I wanted to start a discussion to interact and hear other's thoughts on wavy manes on horses. 

A few horses I worked with in the past were dom white or sabino, (or both) who had wavy manes. One of those has 2 siblings who also have wavy manes. Of those two siblings one is max sabino and one is nearly solid with just a small white bit on the coronet, maybe min sabino... They were all thoroughbreds, clearly some of the lines had it and some didn't. 

My mustang has curly hair, it does form ringlets especially after getting wet, but it's mostly wavy. He has no white patterns in him from what I can tell, but he does come from a curly herd. 

What is your thoughts/experience with white pattern horses and wavy manes? What about their solid family members?

What is your thoughts/experience with solid horses, with no white pattern lineage, with wavy hair?

What breeds do you know that can have wavy hair?

Are there any breeds that more commonly have wavy manes? Any breeds that don't?


----------



## QtrBel (May 31, 2012)

My Belgians have roaning from sabino. The ones that display the most roaning have the curliest manes. Several were born with such curly foal coats you'd have thought they were curlies. A couple of them still have curling to their winter coats. We also have noted differences in texture in them. Half have a texture that those wavy manes knot easily and are a constant chore. The other half the waves are like silk and knots fall out. 

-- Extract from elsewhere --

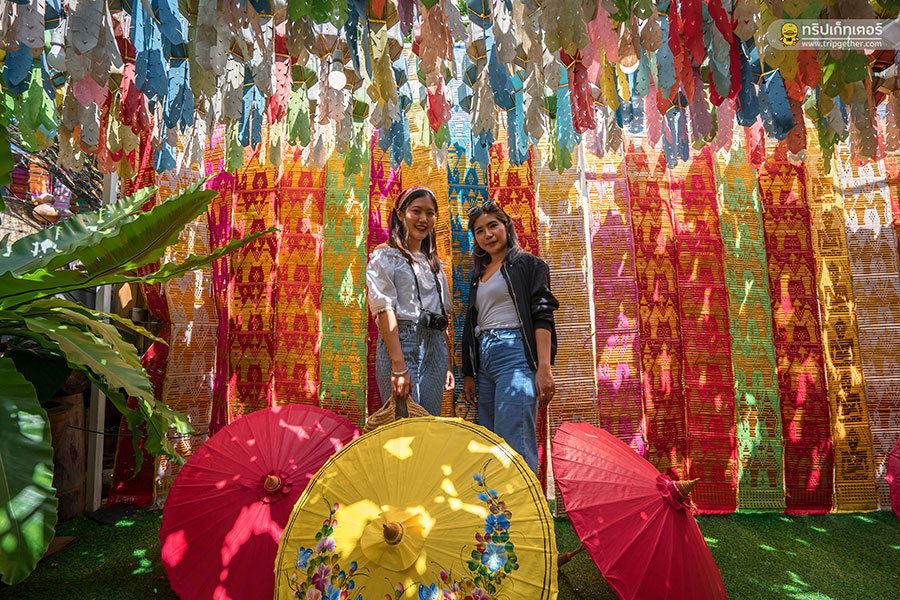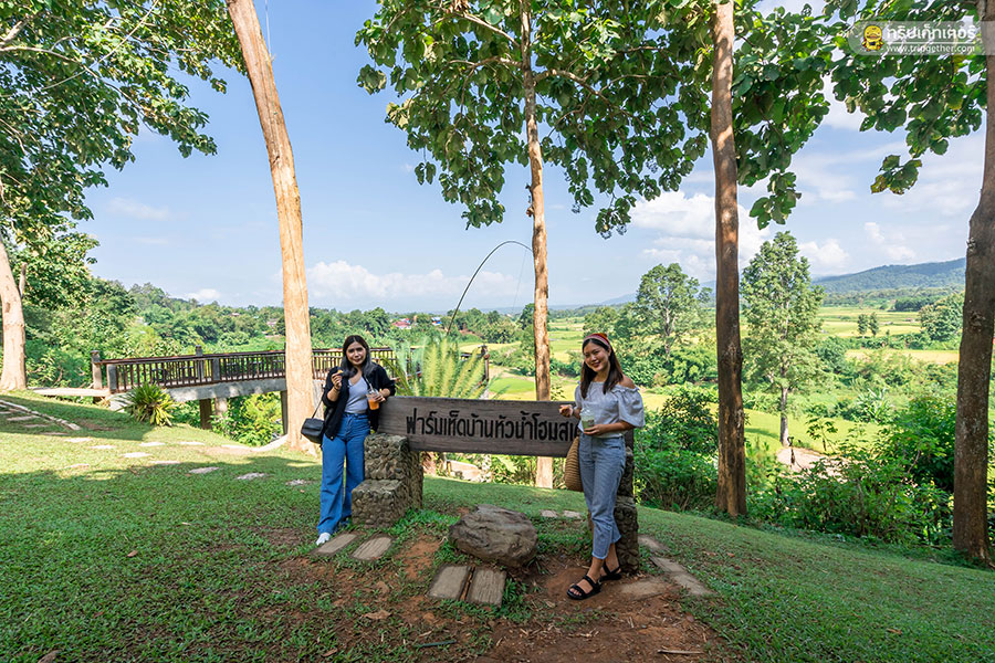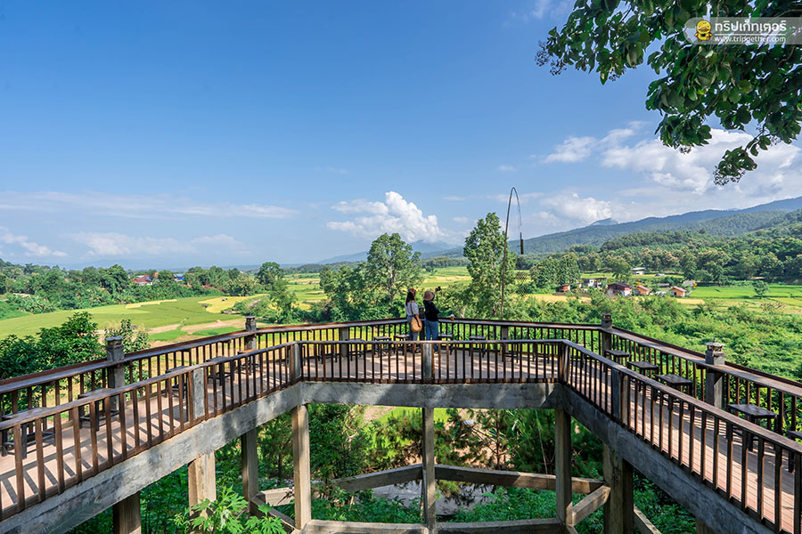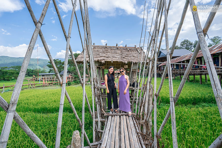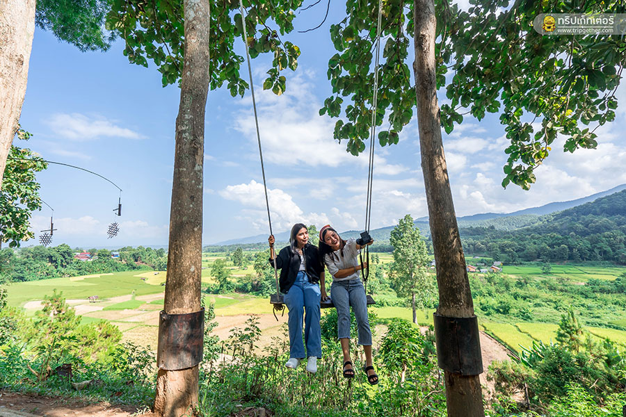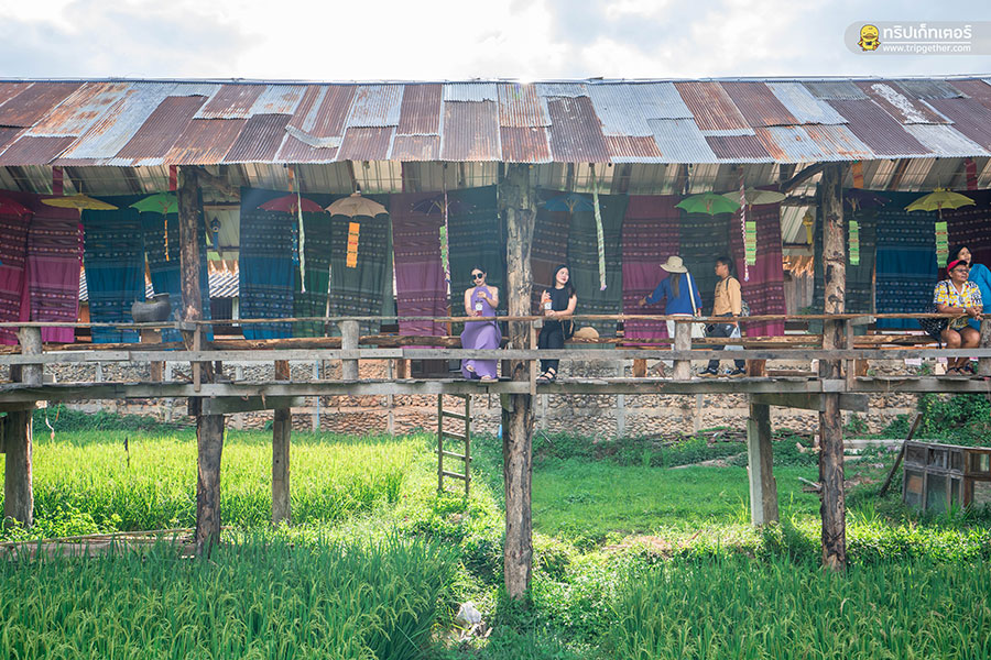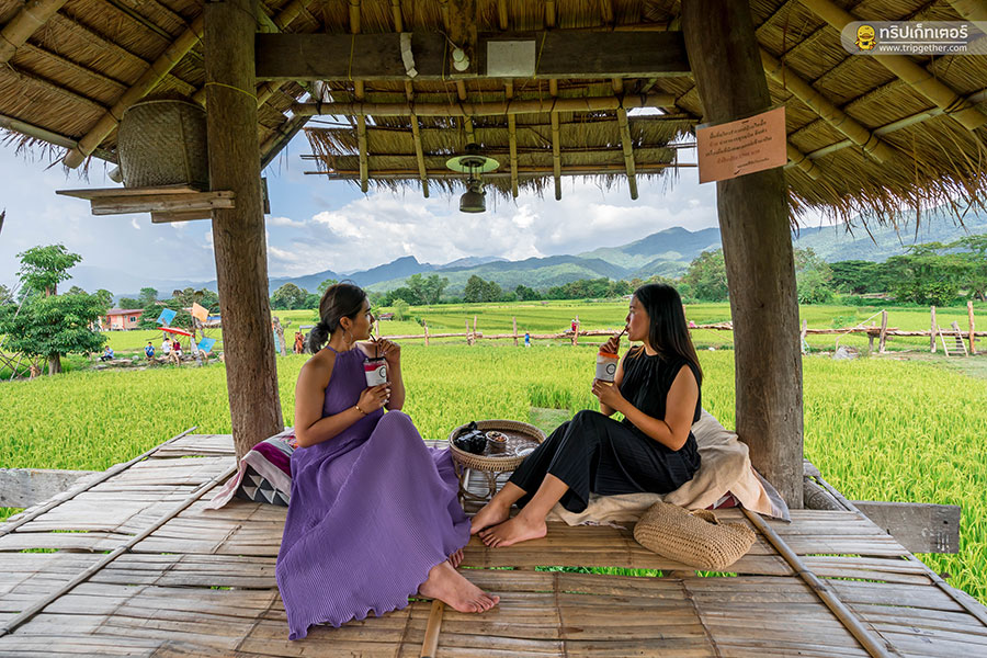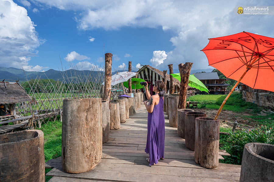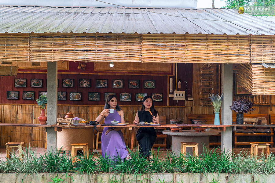 ระยะเวลาชั่วโมงนิดๆ จากบ่อเกลือ เราก็เดินทางมาถึงยัง ร้านกาแฟบ้านไทลื้อ ร้านอาหารและคาเฟ่ที่มาพร้อมกับมุมถ่ายรูปสุดชิค ไฮไลท์สะพานไม้กลางทุ่งนา ที่ถูกแขวนไปด้วยผ้าทอหลากสีสันที่กลายเป็นแลนด์มาร์คห้ามพลาดของที่นี่ และอิ่มอร่อยกับเมนูข้าวซอยไก่ ขนมจีนน้ำเงี้ยว นอกจากนี้ยังมีเบเกอรี่ พร้อมเครื่องดื่มชื่นใจอีกหลายเมนูให้สั่งกันจนล้นโต๊ะ ร้านกาแฟบ้านไทลื้อ เปิดให้บริการเวลา 07.30 – 17.00 น. โทร. 089 264 6058

One Paint mare that has only a heel bulb with trim around part of the coronet and ermine spots in that little bit of white with a large patch of white hair on the bottom lip but no pink skin has a really wavy mane.


----------



## greentree (Feb 27, 2013)

Ooohhh, I think about this when I work with my German girls....They are full sisters; chestnuts with flaxen manes and tails. Their dam is an Arabian carrying sabino. Their sire is a Schwarzwaelder Fuchs, no sabino. 
The first filly has sabino characteristics: a roan explosion out of her blaze, lace between her cheeks. Her mane hairs are straight, but there is a wave to the entire mane.
The second filly(deceased) had a straight mane. 
The third filly’s hair is a totally different texture. Each hair has a waviness, but it hands straight.
The fourth filly has completely wavy hair. 

Only the first filly shows any sabino characteristics.


----------



## Filou (Jan 16, 2014)

Seems like there might be some sort of link between sabino and wavy hair!


----------



## Avna (Jul 11, 2015)

Maybe, but old-type Morgans are famous both for their luxuriant curly locks and their conservative colors: black, brown, bay, and occasionally chestnut.


----------



## Filou (Jan 16, 2014)

And of course bashkir / american curlys!


----------



## pasomountain (Dec 19, 2018)

My sister has a silver dapple rocky mtn horse with a wavy mane--no sabino.


----------